Şu halde Yomra “Trabzon” un yaşadığı bütün işgalleri görmüş, imar faaliyetlerini beraberce sürdürmüş, saldırılara beraberce göğüs germiş yerleşen kavimleri bağrında barındırmış öz bir Türk yurdudur. Miletlilerin, Bizanslıların, Kommenlerin, Romalıların istilâsına uğramış, Kommenler devrinde toprak gelirlerinin bir kısmı Anadolu Selçuklu devletine ödendiği görülmüştür.

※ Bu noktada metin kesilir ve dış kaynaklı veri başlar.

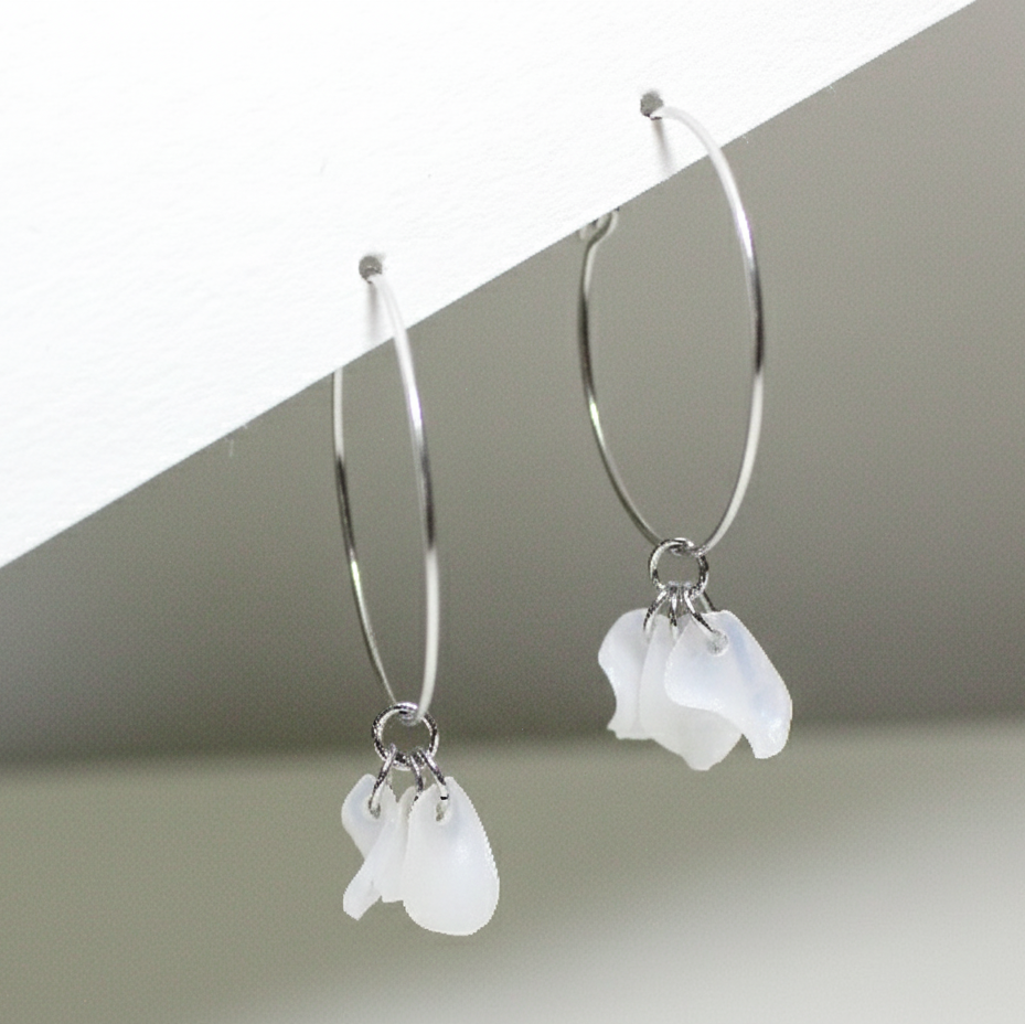 Los pendientes Emma bañados en oro 14k, adornados con pétalos blancos. Estos pendientes transmiten la sofisticación, convirtiéndolos en la elección ideal para complementar tu estilo en bodas, bautizos y comuniones.

Yine Anadolu Selçuklu devletinin parlak devrini yaşatan Alaaddin Keykubat zamanında komutanlarından Ertoguş Bey mahiyetindeki orduyla buraların kesin olan Türk hakimiyetine girmesi için Trabzon muhasara edilmiş, ancak bu toprakların Türkleşmesi 133 yıl daha gecikmiştir. (1228)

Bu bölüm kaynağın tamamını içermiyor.